Now, install it into a dedicated namespace. This is a best practice. This stack creates a lot of resources.
helm install kube-prom-stack prometheus-community/kube-prometheus-stack \
-n monitoring --create-namespace \
-f custom-values.yaml
Watch the magic happen with kubectl get pods -n monitoring --watch. After a few minutes, you should have a small army of pods running.
The First Hurdle: Finding Grafana’s Password
You set the admin password in the values file, right? Cool. But if you didn’t (because you skipped my advice), you’ll need to get it from the Kubernetes secret. This is a classic “oh right” moment.

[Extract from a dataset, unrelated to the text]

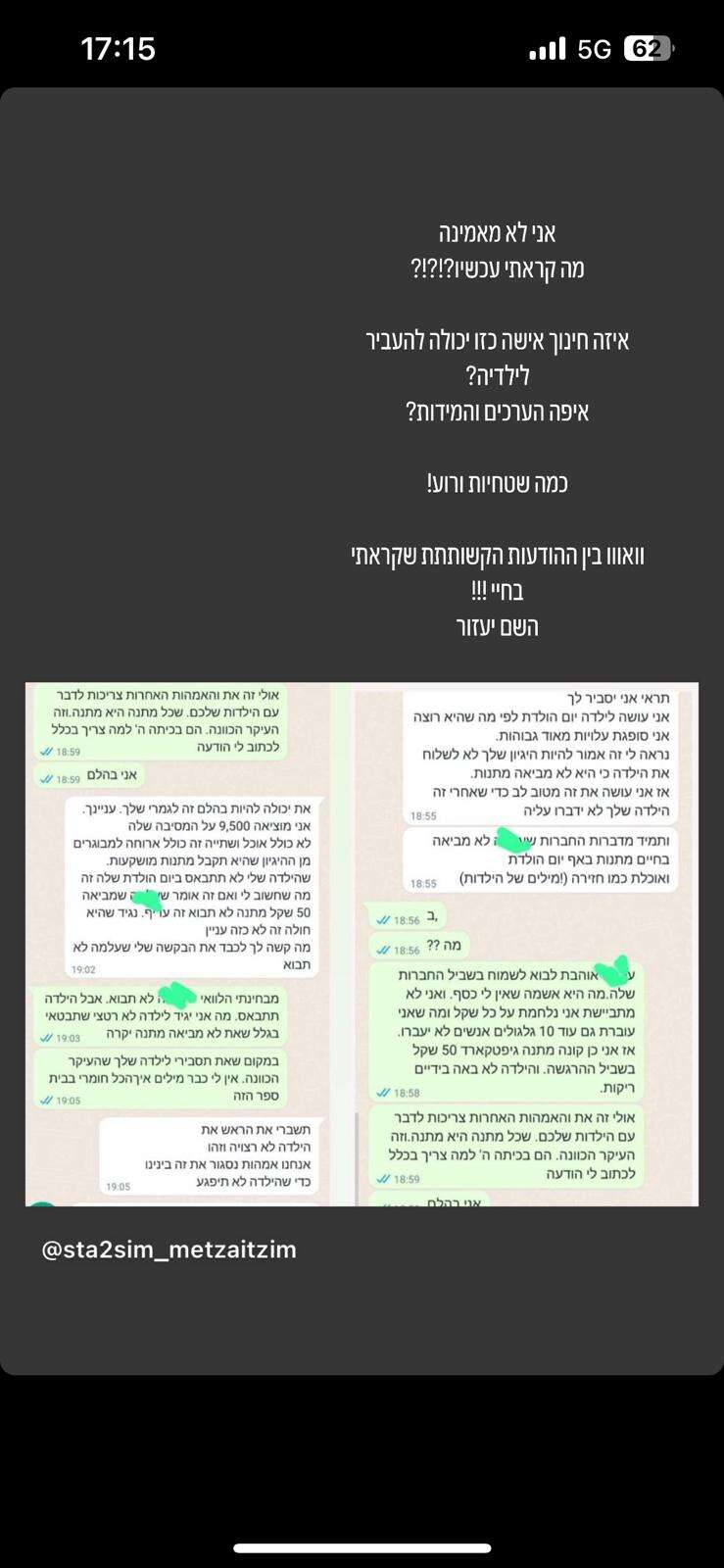 הרשתות סערו הבוקר בעקבות התכתבות הווטסאפ בין שתי אימהות כשאחת הסבירה לשנייה שבתה לא רצויה במסיבת יום ההולדת שהיא מארגנת לילדה שלה כיוון שהיא לא מביאה מתנות יקרות.
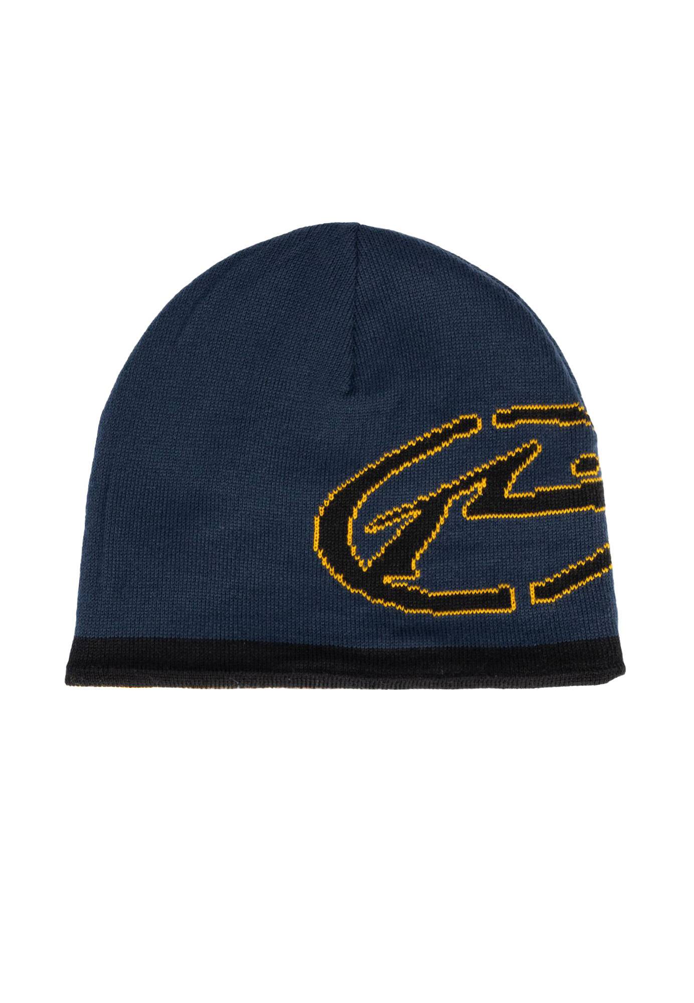 Reversible Cuffless Beanie With Jacquard Logo And Embroidery. 100% Acrylic Yarn

kubectl get secret -n monitoring kube-prom-stack-grafana -o jsonpath="{.data.admin-password}" | base64 --decode ; echo
Log in to your Grafana LoadBalancer URL, use admin and that password, and you’re in. You’ll immediately see the dashboards the stack pre-loaded for you. Check out the “Kubernetes / Compute Resources / Namespace (Pods)” dashboard. It’s glorious. All that data, instantly. It feels like cheating.
The Most Common Pitfall: Permission Denied
Here’s where you’ll likely get stuck. Your application is running, it has a /metrics endpoint, but Prometheus isn’t scraping it. You check Targets in Prometheus and see a 403 Forbidden or Permission Denied error.
Why? Because by default, the Prometheus Operator only has permission to scrape metrics from endpoints within its own namespace (monitoring). Your app is in the default or app-namespace. You need to tell the Prometheus ServiceAccount where it’s allowed to go. This is done via RBAC and the serviceMonitorSelector and podMonitorSelector in the Prometheus custom resource. Luckily, the Helm chart lets you configure this easily.
You need to add this to your custom-values.yaml and upgrade your release (helm upgrade -f custom-values.yaml ...):
prometheus:
prometheusSpec:
serviceMonitorSelectorNilUsesHelmValues: false
podMonitorSelectorNilUsesHelmValues: false
Setting these to false is the key. It tells the Operator: “Don’t just look for ServiceMonitors in the same release/namespace as you. Look for them anywhere in the cluster.” Now, when you create a ServiceMonitor in your app’s namespace, the Operator will find it and instruct Prometheus to scrape it.
Creating Your First ServiceMonitor
This is how you onboard your app. Let’s say your app has a service like this:
# app-service.yaml
apiVersion: v1
kind: Service
metadata:
name: my-great-app
labels:
app: my-great-app
spec:
ports:
- name: web
port: 8080
targetPort: 8080
selector:
app: my-great-app
Your corresponding ServiceMonitor would look like this:
# app-service-monitor.yaml
apiVersion: monitoring.coreos.com/v1
kind: ServiceMonitor
metadata:
name: my-great-app
# Note: This is in your APP'S namespace, e.g., 'default'
namespace: default
spec:
selector:
matchLabels:
app: my-great-app # This selects the Service
endpoints:
- port: web # Matches the port name in the Service
path: /metrics # The standard metrics path
interval: 30s # How often to scrape
Apply this, wait a moment, and check the Prometheus UI under “Status -> Targets”. You should see your new target listed and becoming healthy. That’s it. You’ve just dynamically configured Prometheus without touching a config file. This is the way.